> [EXERCISE] Leave out the pictures and copy the remaining records exactly.

--- GIVEN DATA ---

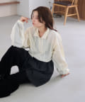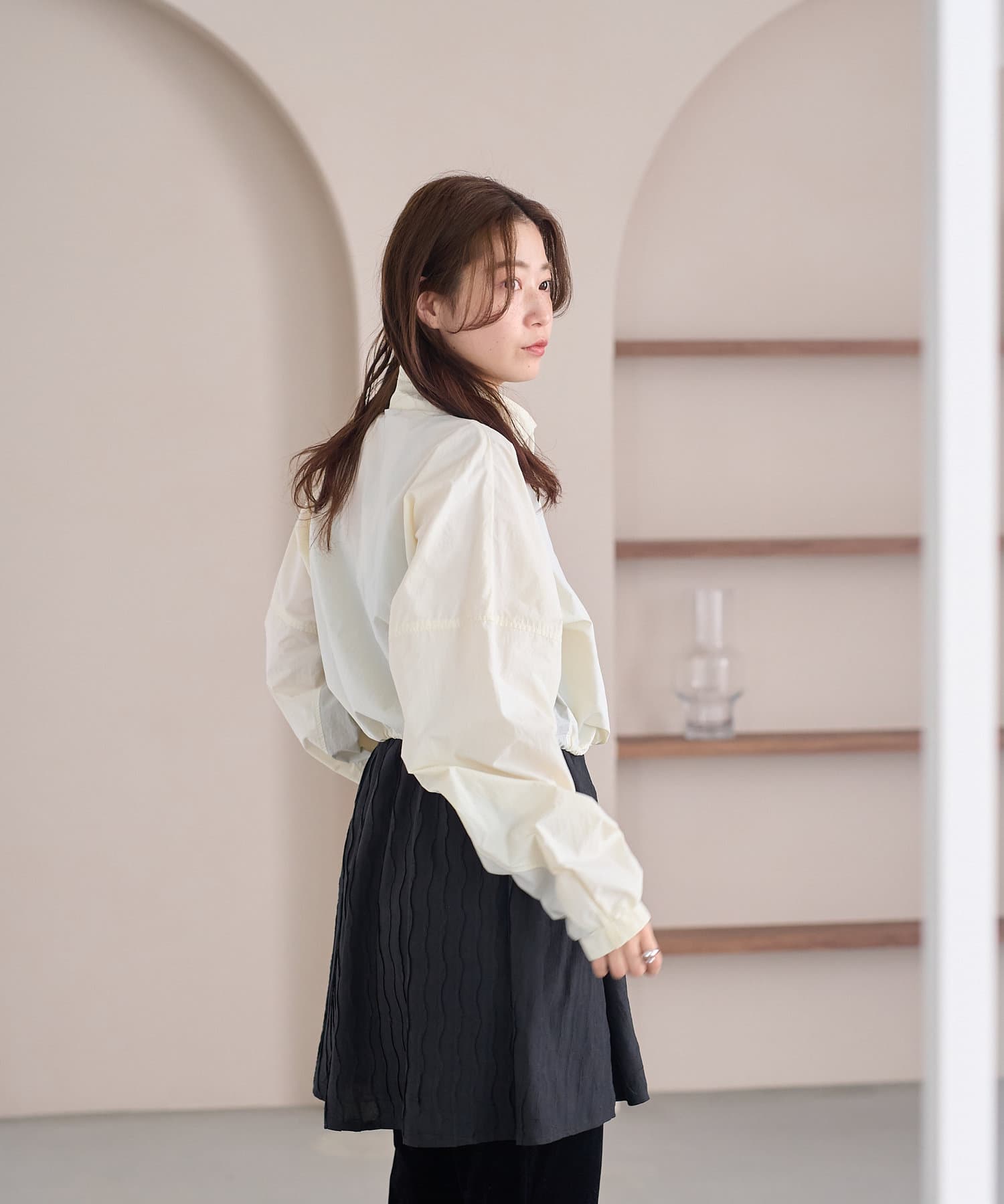 袖のバイカラーがアクセントになり、フェミニンな雰囲気をプラスしてくれます。
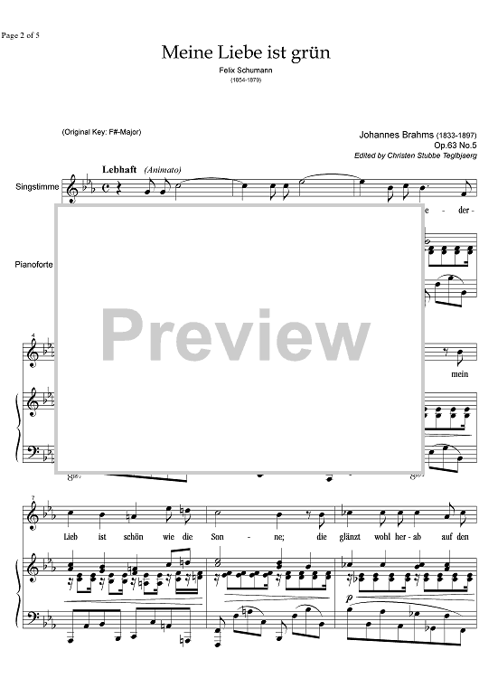 "Meine Liebe ist grün Op.63 No. 5" Sheet Music by Johannes Brahms
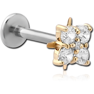 SURGICAL STEEL GRADE 316L INTERNALLY THREADED MICRO LABRET WITH 14K GOLD JEWELED - FLOWER
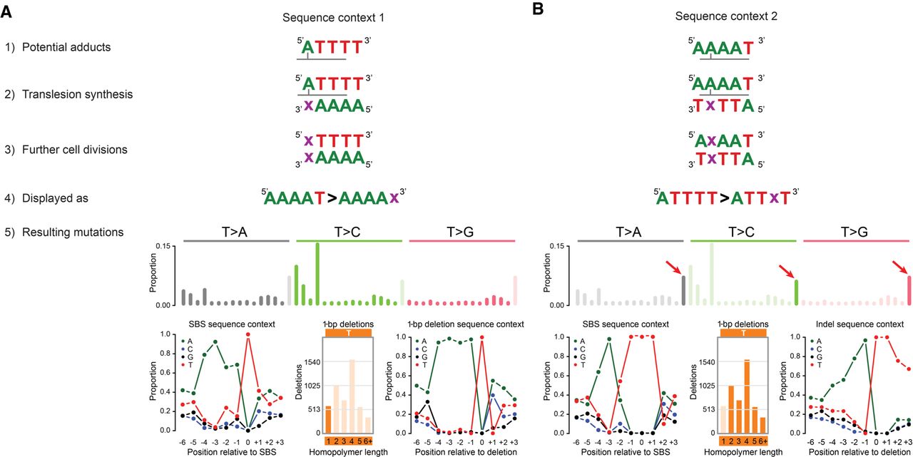 Proposed model for adduct formation leading to the mutation patterns of SBS_AnT and ID_AnT. (A) Potential adduct 1. (1) Adducts are formed on adenines directly 5′ of thymine homopolymers. (2) During translesion synthesis, an incorrect nucleotide (x) is incorporated opposite the adducted adenine. (3) During further cell divisions, the mutation is maintained. (4) Following the conventions of the mutational signature field, we display mutations as occurring from the pyrimidine of the Watson–Crick base pair. (5) Potential adduct 1 would lead to SBSs directly adjacent to TTT trinucleotides and deletions of single thymines not in thymine homopolymers. Both SBSs and deletions resulting from potential adduct 1 would be enriched for adenines up to 4 bp 5′ of the mutation site. (B) Potential adduct 2. (1) Adducts are formed in adenine homopolymers with a thymine directly 3′. (2) During translesion synthesis, an incorrect nucleotide (x) is incorporated opposite the adducted adenine. (3) During further cell divisions, the mutation is maintained. (4) Following the conventions of the mutational signature field, we display mutations as occurring from the pyrimidine of the Watson–Crick base pair. (5) Potential adduct 2 would lead to SBSs inside TTT trinucleotides and deletions of single thymines inside thymine homopolymers. SBSs resulting from potential adduct 2 would be strongly enriched for adenines 3 bp 5′ of the mutation site. Deletions resulting from potential adduct 2 would be strongly enriched for adenines up to 4 bp 5′ of the mutation site. The latter is owing to the possible different locations of the adduct inside the homopolymers. We believe that for longer homopolymers (more than three thymines), the adduct will nearly always be situated opposite the third thymine, making the −3 position (relative to the adduct) the −1 position relative to the thymine homopolymers. This explains the ∼100% presence of adenines directly 5′ of the thymine homopolymers.
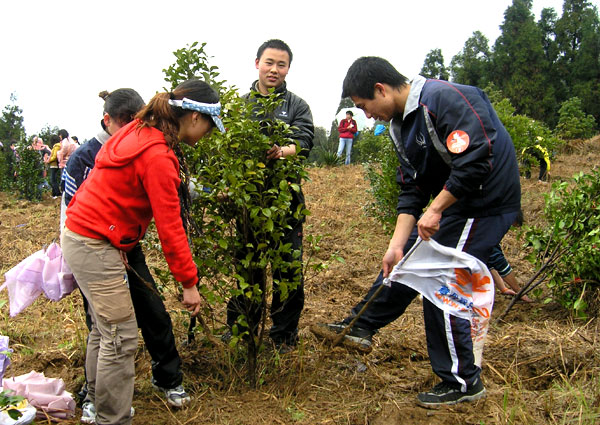 校园里的植树节环保活动是“春意盎然”,校园外的环保活动同样也是不甘落后。绿色环保护协会的另外一个小分队和校园起点登山协会的同学一起把植树队伍“挺”进了大罗山。他们参加了由温州意丹奴户外俱乐部组织的大罗山植树活动。同学们冒雨翻山越岭,一路鼓劲,尽管山高、坡陡、路滑,但困难阻止不了大学生们植树种绿的热情。经过2个小时的路程,同学们来到了山顶。在山顶,15名大学生随同浩荡的“植树队伍”一起种下了希望,把山顶一片荒地种上了茶花、桂花和女贞苗等植物。种好树后,同学们望着自己亲手摘下的小树苗,脸上挂满了笑容,纷纷要求和自己的小树苗合影留念。环保协会的一位同学说:“这次活动,虽然我们只种了这么几棵树,但如果能通过活动影响社会,让更多的人关注,让更多的人来参与,那么就是我们今天最大的收获了。”

---

> [ANSWER TO THIS TASK]
 袖のバイカラーがアクセントになり、フェミニンな雰囲気をプラスしてくれます。
 "Meine Liebe ist grün Op.63 No. 5" Sheet Music by Johannes Brahms
 SURGICAL STEEL GRADE 316L INTERNALLY THREADED MICRO LABRET WITH 14K GOLD JEWELED - FLOWER
 Proposed model for adduct formation leading to the mutation patterns of SBS_AnT and ID_AnT. (A) Potential adduct 1. (1) Adducts are formed on adenines directly 5′ of thymine homopolymers. (2) During translesion synthesis, an incorrect nucleotide (x) is incorporated opposite the adducted adenine. (3) During further cell divisions, the mutation is maintained. (4) Following the conventions of the mutational signature field, we display mutations as occurring from the pyrimidine of the Watson–Crick base pair. (5) Potential adduct 1 would lead to SBSs directly adjacent to TTT trinucleotides and deletions of single thymines not in thymine homopolymers. Both SBSs and deletions resulting from potential adduct 1 would be enriched for adenines up to 4 bp 5′ of the mutation site. (B) Potential adduct 2. (1) Adducts are formed in adenine homopolymers with a thymine directly 3′. (2) During translesion synthesis, an incorrect nucleotide (x) is incorporated opposite the adducted adenine. (3) During further cell divisions, the mutation is maintained. (4) Following the conventions of the mutational signature field, we display mutations as occurring from the pyrimidine of the Watson–Crick base pair. (5) Potential adduct 2 would lead to SBSs inside TTT trinucleotides and deletions of single thymines inside thymine homopolymers. SBSs resulting from potential adduct 2 would be strongly enriched for adenines 3 bp 5′ of the mutation site. Deletions resulting from potential adduct 2 would be strongly enriched for adenines up to 4 bp 5′ of the mutation site. The latter is owing to the possible different locations of the adduct inside the homopolymers. We believe that for longer homopolymers (more than three thymines), the adduct will nearly always be situated opposite the third thymine, making the −3 position (relative to the adduct) the −1 position relative to the thymine homopolymers. This explains the ∼100% presence of adenines directly 5′ of the thymine homopolymers.
 校园里的植树节环保活动是“春意盎然”,校园外的环保活动同样也是不甘落后。绿色环保护协会的另外一个小分队和校园起点登山协会的同学一起把植树队伍“挺”进了大罗山。他们参加了由温州意丹奴户外俱乐部组织的大罗山植树活动。同学们冒雨翻山越岭,一路鼓劲,尽管山高、坡陡、路滑,但困难阻止不了大学生们植树种绿的热情。经过2个小时的路程,同学们来到了山顶。在山顶,15名大学生随同浩荡的“植树队伍”一起种下了希望,把山顶一片荒地种上了茶花、桂花和女贞苗等植物。种好树后,同学们望着自己亲手摘下的小树苗,脸上挂满了笑容,纷纷要求和自己的小树苗合影留念。环保协会的一位同学说:“这次活动,虽然我们只种了这么几棵树,但如果能通过活动影响社会,让更多的人关注,让更多的人来参与,那么就是我们今天最大的收获了。”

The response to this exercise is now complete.